In step S14, upon completion of deposition of the second dielectric layer in the reaction chamber 1, the substrate is transferred to a reaction chamber 2 (“Transfer to RC2”) for dry etching which may be attached to a wafer transfer chamber with a wafer handling robot, to which the reaction chamber 1 is also attached, so that the substrate may be transferred to the reaction chamber 2 without being exposed to the air. In step S15, the second dielectric layer is exposed to the fluorine and/or chlorine radicals under dry-etching conditions (“Radical Etch”), thereby removing at least a part of the second dielectric layer without removing the first dielectric layer, thereby forming a layer structure having a topology profile on the substrate. Radical etching may be isotropic etching using primarily or predominantly radicals rather than ions (preferably substantially no or little ions) so that substantially conformal etching can be performed (i.e., substantially no or little directionality of etching) when the second dielectric layer is conformal and has homogenous (in-plane quality uniformity), resulting in a conformal final layer structure, whereas radical etching may function as anisotropic etching when the second dielectric layer is not conformal (e.g., top-predominant deposition) and/or has an in-plane quality variation (e.g., side-low quality), resulting in a final layer structure having a top-remaining topology profile or a side-remaining topology profile. Radical etching is similar to wet etching but is much faster etching than wet etching.

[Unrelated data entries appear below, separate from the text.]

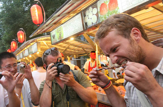 外國游客在北京東華門夜市品嘗中國傳統(tǒng)小吃。新華社發(fā)(陳曉根 攝)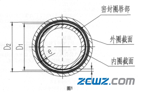 式中:D2-密封圈唇部直径尺寸;D1-内圈截面直径尺寸;e-常规下密封圈唇部单边过盈量。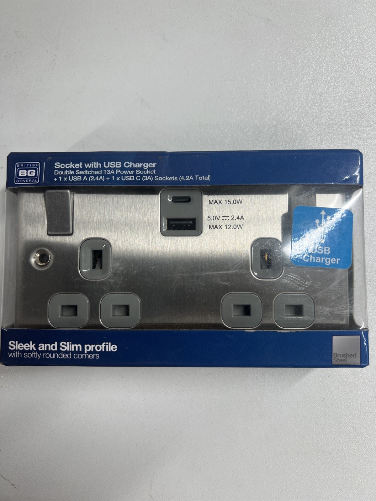 BG Brushed Steel Double Switch 13A Power Socket With 22W USB C + USB A Free Post

In process scheme (b) in FIG. 23, the deposition process and the etching process are conducted in the same reaction chamber. This simplified process scheme (dep+etch process flow) allows for SiN pattern definition (side-remaining or top-remaining) without breaking a vacuum. In process scheme (b), steps S21, S22, S23, and S24 correspond to steps S11, S12, S13, and S15 in process scheme (a), wherein in process scheme (b), there is no step corresponding or equivalent to step S14.

Process scheme (b) can be achieved using the following reactor design in some embodiments, which is shown solely by way of example. For radical etching, a plasma is not in direct contact with a substrate in a reaction chamber. In some embodiments, a possible plasma source is a remote plasma which may be a capacitively coupled plasma (CCP), inductively coupled plasma (ICP), or microwave plasma (MWP). Thus, an in-situ CCP, where two electrodes are parallelly provided in a chamber and a substrate is placed between the two electrodes, is not suitable for radical etching.

FIG. 11A shows a schematic simplified configuration of a remote plasma processing apparatus wherein a remote plasma source is integrated in a main process chamber. FIG. 11B shows a schematic simplified configuration of a remote plasma processing apparatus wherein a remote plasma is generated remotely, and reactive species are fed into a reaction chamber. The generation of the F-radicals can be performed by, for example, inductively coupled plasma (ICP), capacitively coupled plasma (CCP), or microwave plasma. In both apparatuses illustrated in FIGS. 11A and 11B, for conducting deposition, an in-situ CCP is used by generating a plasma between an upper electrode (showerhead) 3 an a lower electrode (susceptor) 1 on which a wafer (W) is placed, wherein the upper electrode 3 is connected to an RF power source 5 whereas the lower electrode 1 is connected to a low-frequency bias source 4. For conducting radical etching, the apparatus illustrated in FIG. 11A uses an indirect plasma 8 which is generated between a top electrode 2 connected to a plasma power source 6 (RF power source or microwave power source, for example) and the upper electrode 3. Since the plasma 8 is confined in the space between the top electrode 2 and the upper electrode 3, the wafer (W) is not exposed directly to the plasma, but is exposed to radicals of the plasma which are fed and pass through the upper electrode 3 and reach the surface of the wafer (W). To the top electrode, a gas supply line 7 is connected for feeding a process gas for deposition and/or an etchant gas for dry etching.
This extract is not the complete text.